Health Insurance Association of America (HIAA)
An association supported by Life and Health insurers to provide the research, public relations, education, and legislative base for the promotion of voluntary private Health Insurance.
Health Insurance Institute (HII)
The public relations arm of the Health Insurance Association of America. It provides for a flow of information from Health insurers to the public and from the public to the insurers.
Health Maintenance Organization (HMO)
An HMO is a prepaid medical service plan which provides services to plan members. Medical providers contract with the HMO to provide medical services to plan members. Members must use contracted providers. The emphasis is on preventive medicine, and it is an alternative to employee benefit plans. Employers of more than 25 persons are required to offer the alternative of HMO to employees, but not if the cost exceeds that of present employee benefit plans. (H)

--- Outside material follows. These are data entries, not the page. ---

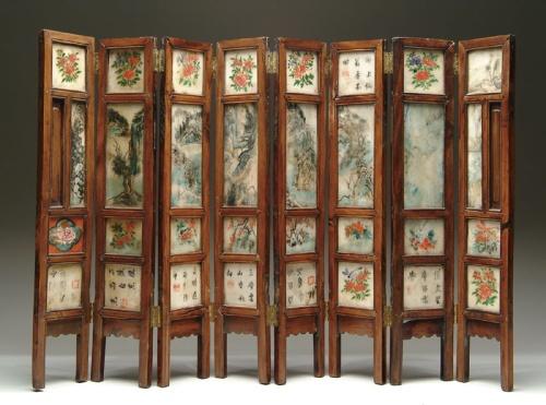 EIGHT FOLD PAINTED STONE AND WOOD ORIENTAL TABLE SCREEN. Each panel divided into four separate panels, which have painted stone inserts. Most depict people, some have writing. Appears to be 19th Century. SIZE: 25in.. Each panel is 4-3/4in. w. CONDITION: Some paint loss but generally in good condition. 9-26362
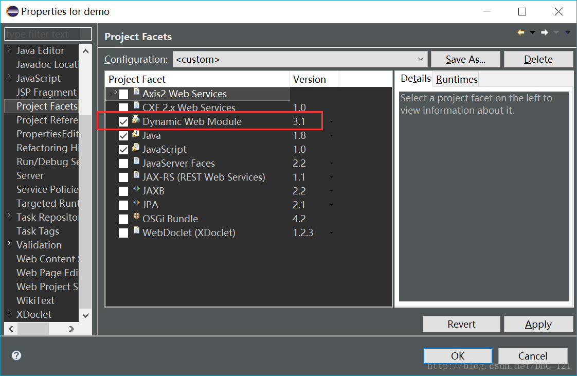 xml的版本问题,在eclipse编译器中右键项目—>properties—>project facets—>dynamic web module 如图:
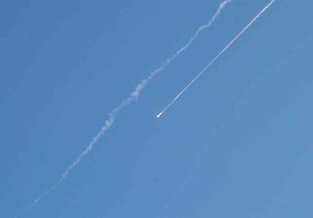 这是6月22日在耶路撒冷上空拍摄到的导弹痕迹。新华社记者陈君清摄
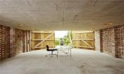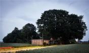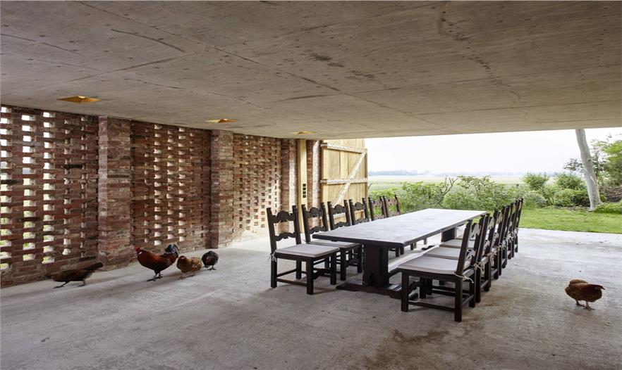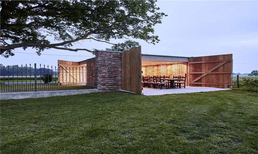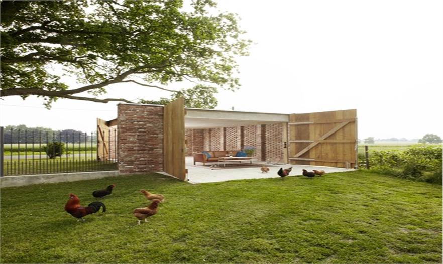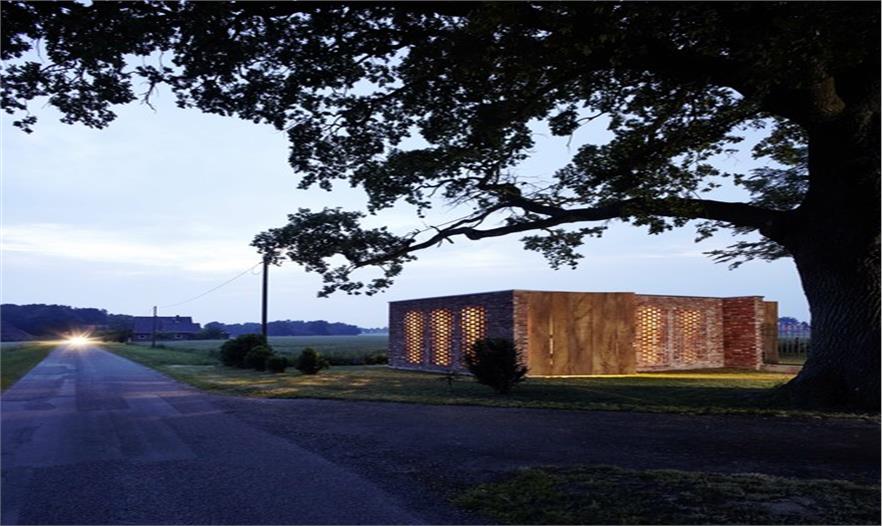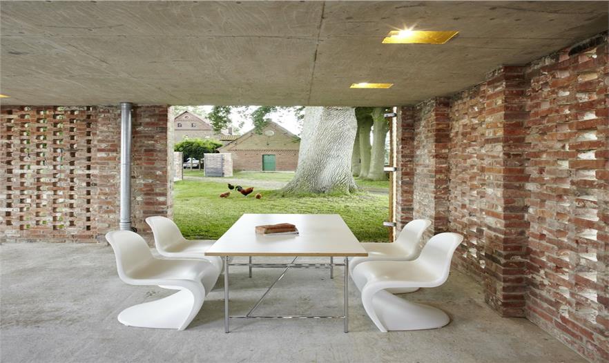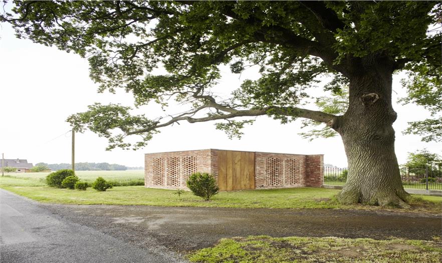 Remisen亭是一座典型的德國(guó)薩克森農(nóng)場(chǎng)建筑,延續(xù)了現(xiàn)有建筑的傳統(tǒng)形式、尺度和材料。新的亭子成為了農(nóng)場(chǎng)新的焦點(diǎn),你在接近農(nóng)場(chǎng)第一眼就可以看到。從遠(yuǎn)處看這座亭子就像是一個(gè)巨大而封閉的方形。但是走近之后就可以看到這座建筑精致的磚砌表面,角部包裹了木材,并且具有從地板到天花板通高的大門。新的亭子利用了防火木材,這是一種常用材料不太需要維護(hù),它在夏天可以停放車輛,而當(dāng)沒(méi)有東西的時(shí)候可以用作一個(gè)接待室。建筑使用的磚是從周邊一座廢棄建筑中取下的。門上所使用的橡木木材是在15年前于一片草地上砍伐的。利用電鋸被切成了寬厚的木板。

Health Service Agreement (HSA)
The agreement between employer and the health plan which outlines a description of benefits, enrollment procedures, eligibility standards, etc.
Health Services
The benefits covered under a health contract.
Hospice
An organization which is primarily designed to provide pain relief, symptom management and supportive services for the terminally ill and their families. Hospice care is covered under Part A of Medicare.
Hospital Affiliation
A contract whereby one or more hospitals agrees to provide benefits to members of a specific health plan.
A contract whereby one or more hospitals agrees to provide benefits to members of a specific health plan.
Hospital Alliances
A group of hospitals that work together to share common services and thereby reduce health costs. By grouping together, they are better able to compete with other alliances or chains. (H)
Hospital Benefits
Benefits payable for hospital room and board, plus miscellaneous charges resulting from hospitalization.
Hospital Expense Insurance
See Hospitalization Insurance.
Hospital Income Insurance
A form of insurance that provides a stated weekly or monthly payment while the insured is hospitalized, regardless of expenses incurred and regardless of whether or not other insurance is in force. The insured can use the weekly or monthly benefit as he chooses, for hospital or other expenses.
Hospital Indemnity
Coverage that pays based on daily, weekly, or monthly limits regardless of the amount of actual hospital expenses.
Hospital Insurance (HI)
Also identified as Part A of Medicare. HI provides inpatient hospital care, skilled nursing care home health and hospice care subject to a benefit period deductible and copayments for certain services.
Hospitalization Expense Policy
A policy which covers daily hospital room and board charges and also covers miscellaneous hospital expenses (such as X-ray, etc.). It also often covers emergency treatment charges and many times will also include a surgical benefit.
Hospitalization Insurance
A form of insurance that provides reimbursement within contractual limits for hospital and specific related expenses arising from hospitalization caused by injury or sickness.
House Confinement
A provision in some Health Insurance contracts which requires an insured to be confined to the house in order to be eligible for benefits. This provision is most commonly found in policies providing loss of income benefits.
Hunter Disability Tables
Tables which show the probability of total and permanent disability.